I've gotten web2py working on my webfaction account with admin using
an https site pointing to the webapp and changing the
parameters_xxx.py file to the port that the web app should be using.
So now I have a regular site and a https site pointing to the port
that the app uses. I don't think wf allows you to access your app via
different ports - only the provided one - wf sees your standard
request and routes it to the correct and only port.
Massimo gave me the impression that this was insecure via this reddit
comment.
***QUOTE***
One is the parameters_*.py file. This file is required to enable admin
and normally it is created automatically when running the built-in web
server. In a production environment it is not created because you
should not run admin off port 80. Admin would not work anyway because
requires https unless in use a proxy, in which case if you enable
admin by manually creating this file, you open your system to
vulnerability (like using telnet instead of ssh). The proper way to
handle this is:
sudo -u www-data python -c "from gluon.main import save_password;
save_password(raw_input('admin password: '),443)"

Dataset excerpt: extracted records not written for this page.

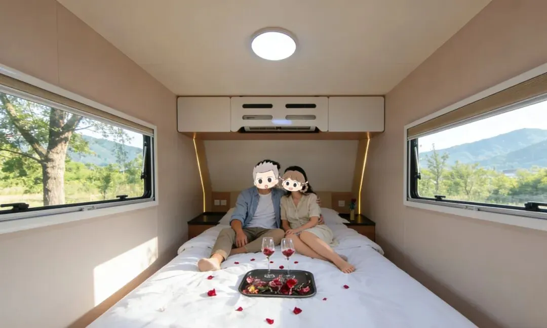 情侣房车打造私密温馨小天地,简约精致的内饰,柔软舒适的床铺,沿途风景作伴,远离城市喧嚣。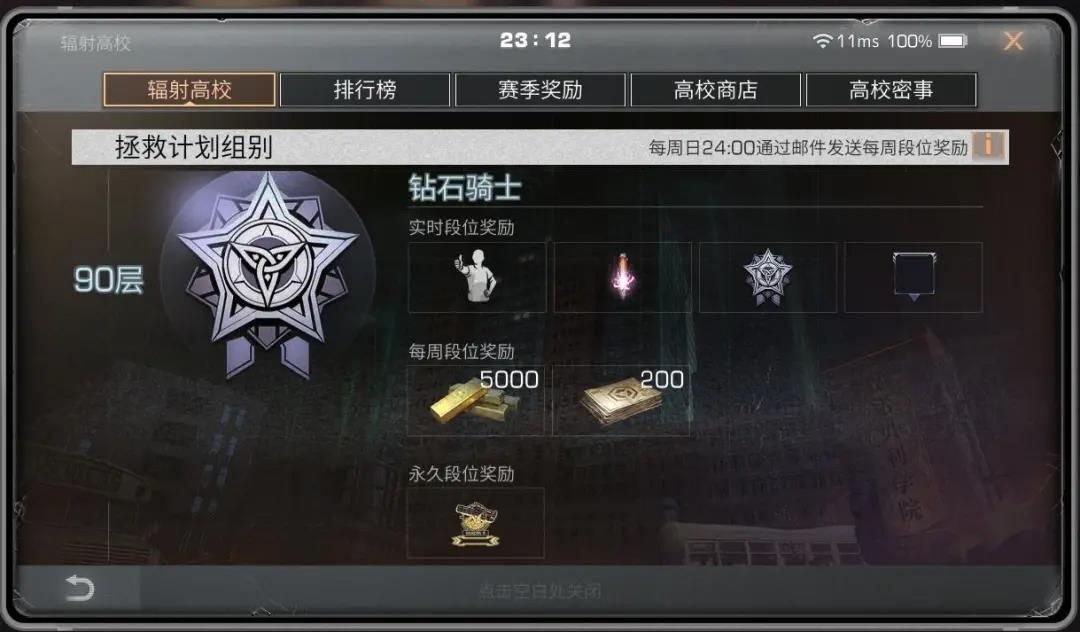(由于段位结算每周日晚11:30分后将无法进入辐射高校)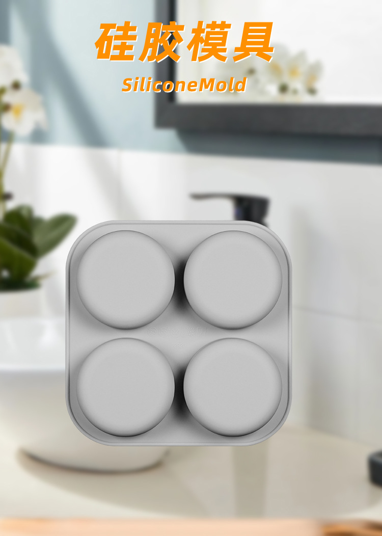 jiashi cross-border hot selling 4-piece round diy soap mold silicone soap mold jelly pudding moon cake mold 中文版
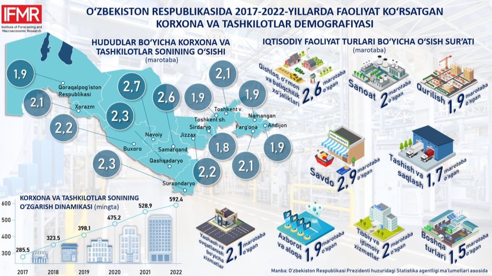 Статистика агентлиги маълумотларига кўра, 2022 йилда мамлакатимиздаги жами корхона ва ташкилотлар сони (фермер ва деҳқон хўжаликларисиз) 592,4 мингтани ташкил этган. Бу 2017 йилдагига нисбатан 2,1 маротаба кўп демакдир.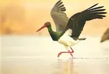 黑鹳是鹳形目鹳科鹳属鸟类,俗称乌鹳、钢鹳、老鹤。黑鹳头、颈和脊均呈黑褐色,故名黑鹳。黑鹳上体羽黑色、并带有绿紫色金属光泽,胸腹部羽白色;嘴、腿均红色;两性相似;成鸟嘴长而直,基部较粗,…全部>>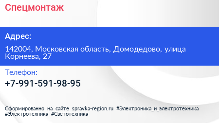 Спецмонтаж по адресу 142004, Московская область, Домодедово, улица Корнеева, 27 в дальнейшем Организация, размещена в следующих категориях: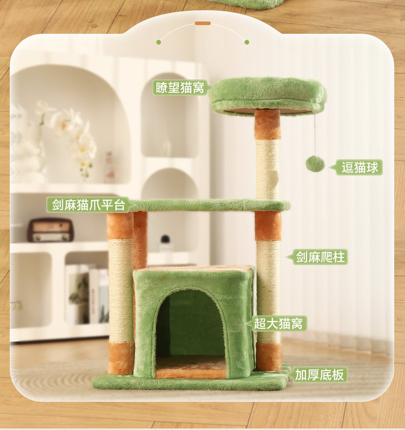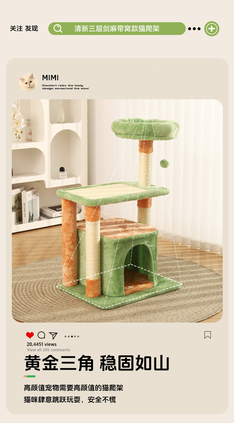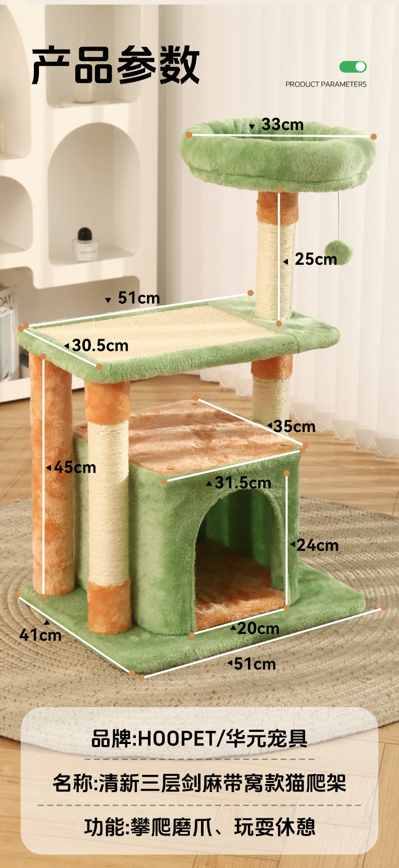 【品名】:HOOPET清新三层剑麻带窝款猫爬架/宠物小房子猫爬架

and use admin only over https (port 443). Feel free to join us on the
web2py mailing list.
***/QUOTE***
I can get a web2py install running by using ssh to get to my account,
download web2py, unzip it and then run it once setting the admin
password. I then kill the process and then use a script to launch
anyserver.py using a cherrypy server.
My ultimate question is - if https is less secure to my wf app - how
do I use ssh to get to the apps admin?
The slice at "http://www.web2pyslices.com/slices/take_slice/71"; has
been tried and it didn't work or I didn't do it correctly. How do I
use ssh to access the web2py admin on webfaction?
There is this:
http://docs.webfaction.com/user-guide/databases.html#starting-an-ssh-tunnel-with-putty
But it pertains to accessing databases.